Dear readers, if you are investing in Singapore stocks for dividends, I believe this strategy is likely to be risky in current stock environment.
In this current stocks markets backdrop, businesses of many sectors have faltered and it is very likely that the dividend streams of many stocks are likely to be cut or even stopped.
I know that there are many investors who have built up an impressive portfolio over the years which can generate good passive dividends year after year for them. But the likelihood of business cutting or not paying dividends post-Covid is real.
In the eventuality of no dividends or reduced dividends, the investment portfolio will be generating less or no dividends and it will just be lots of capital put to waste.
Worse, if the capital has fallen below the buying price. Some may say if the aforementioned situation were to materialise, this period would be brief. But that is really no telling how long businesses will be impacted.
I would like to advise investors to start relooking at their investment portfolio to see whether they have really parked a large part of their capital in investing portfolio which to me is risky in these uncertain times.
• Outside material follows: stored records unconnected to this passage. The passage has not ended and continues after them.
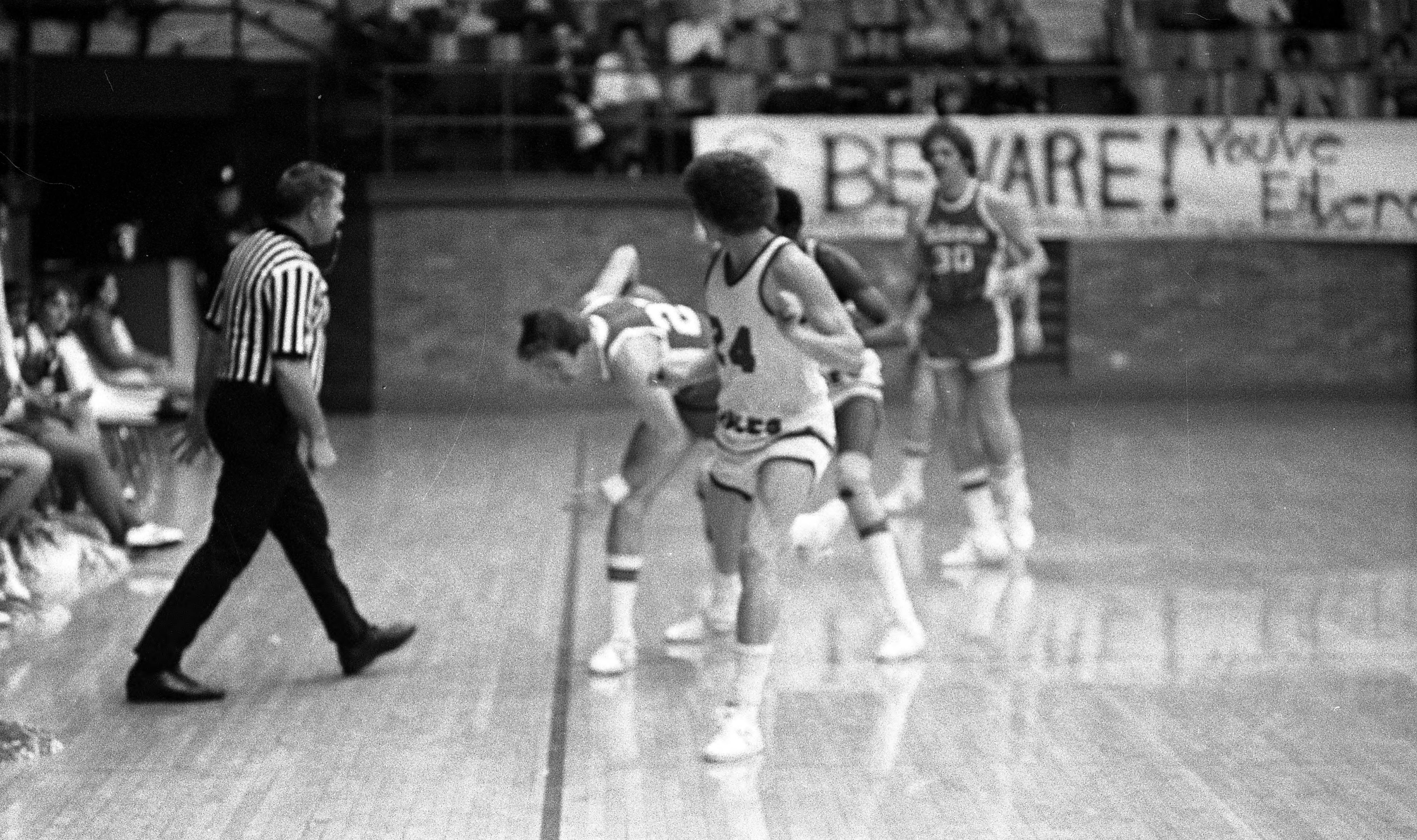 ISUE (Indiana State University Evansville, now USI/University of Southern Indiana) Eagles vs. Bellarmine University Knights. ISUE won, 88-84. Here the referee approaches no. 24 for the Eagles, Ken Mask.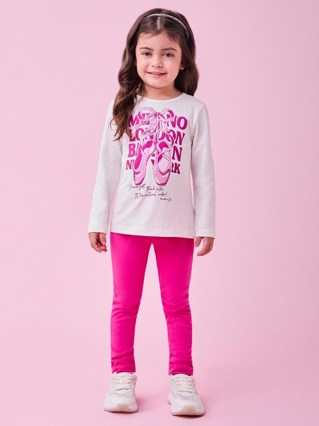 Blusa: 96% Algodão e 4% Elastano; Legging: 85% Algodão no mínimo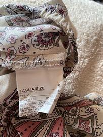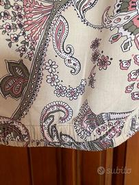 Camicetta Stile Benetton Vendo camicetta Stile Benetton in tessuto fantasia 100% cotone Leggera arricciatura allo scollo, in fondo e alle maniche Scollo a barca Tg: S Ben tenuta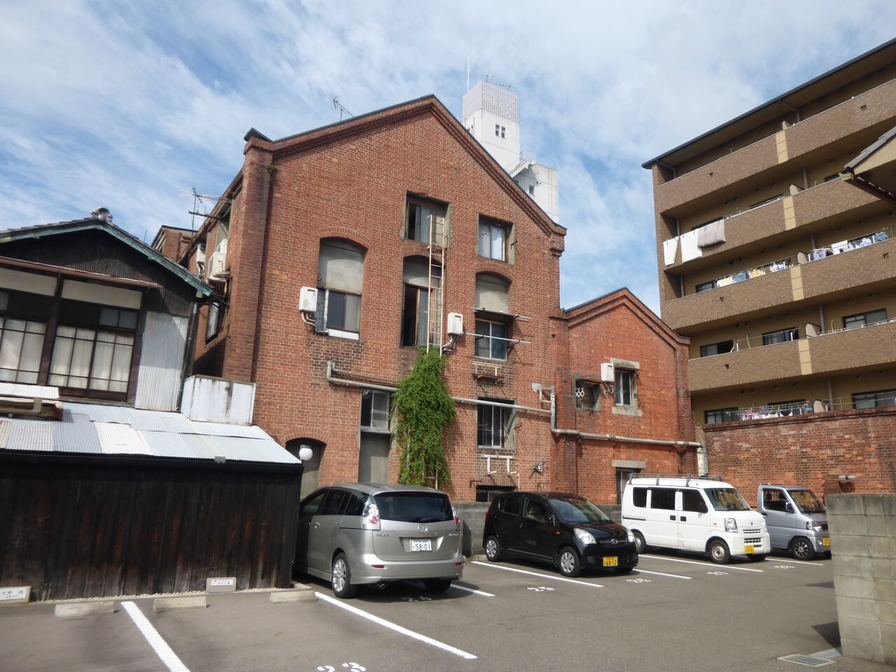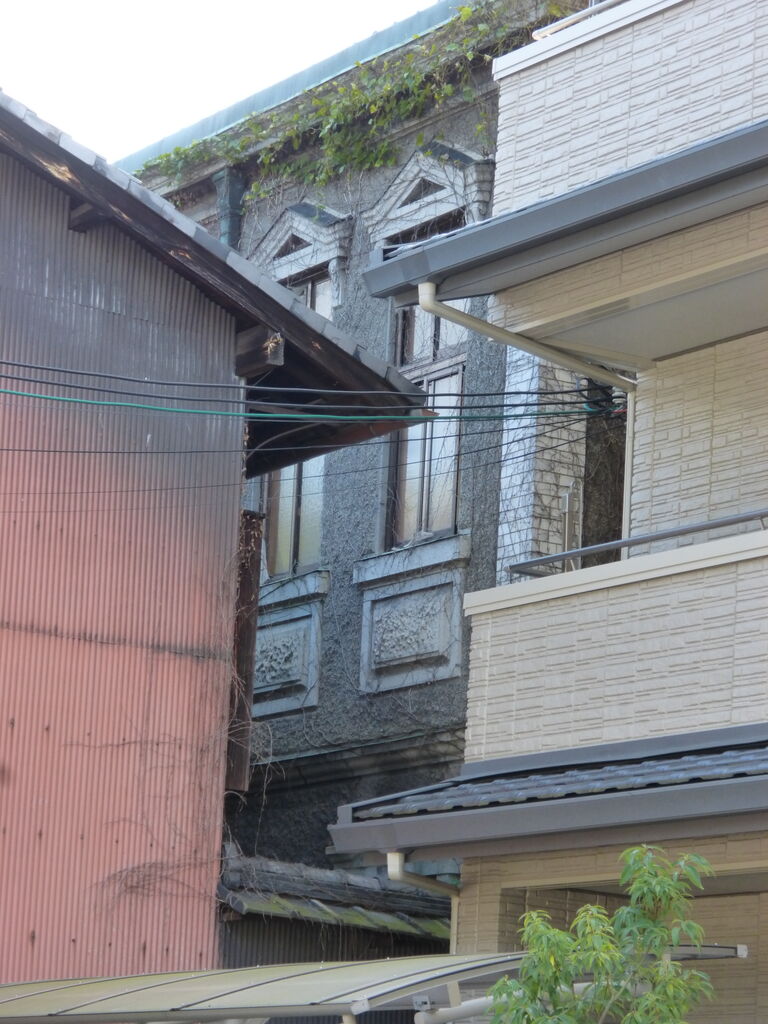 旧富岡鉄斎邸書庫(※現存せず)。薬屋町。大正期。明治・大正期の文人画家として知られる富岡鉄斎邸の洋館の書庫で、近年まで京都府議会議員公舎として京都府北部の府議会議員の宿舎として使用されていましたが、去年主屋と共に取り壊されたようです。一応、保存活用の案もあったようですが、著名人の邸宅でも取り壊されてしまうんですね。ちなみにこちらのブログに書庫内部の写真がありますが、宿舎として使用するためかなり改造されています。

As sharing, I have started streamlining my investment portfolio since 2018, selling stocks which I have held for profit. Cutting losses for stocks which were clearly mistakes. And make fewer newer investments since 2018. And, as I have shared with readers many times on this blog, I have started to build up an investment warchest to invest when the stocks markets correct next.
The markets are still very volatile with the downtrend the evident trend. With the upside potential limited. We need to wait for the “dust to settle” before investing. And I think this will come when the stocks markets correct next.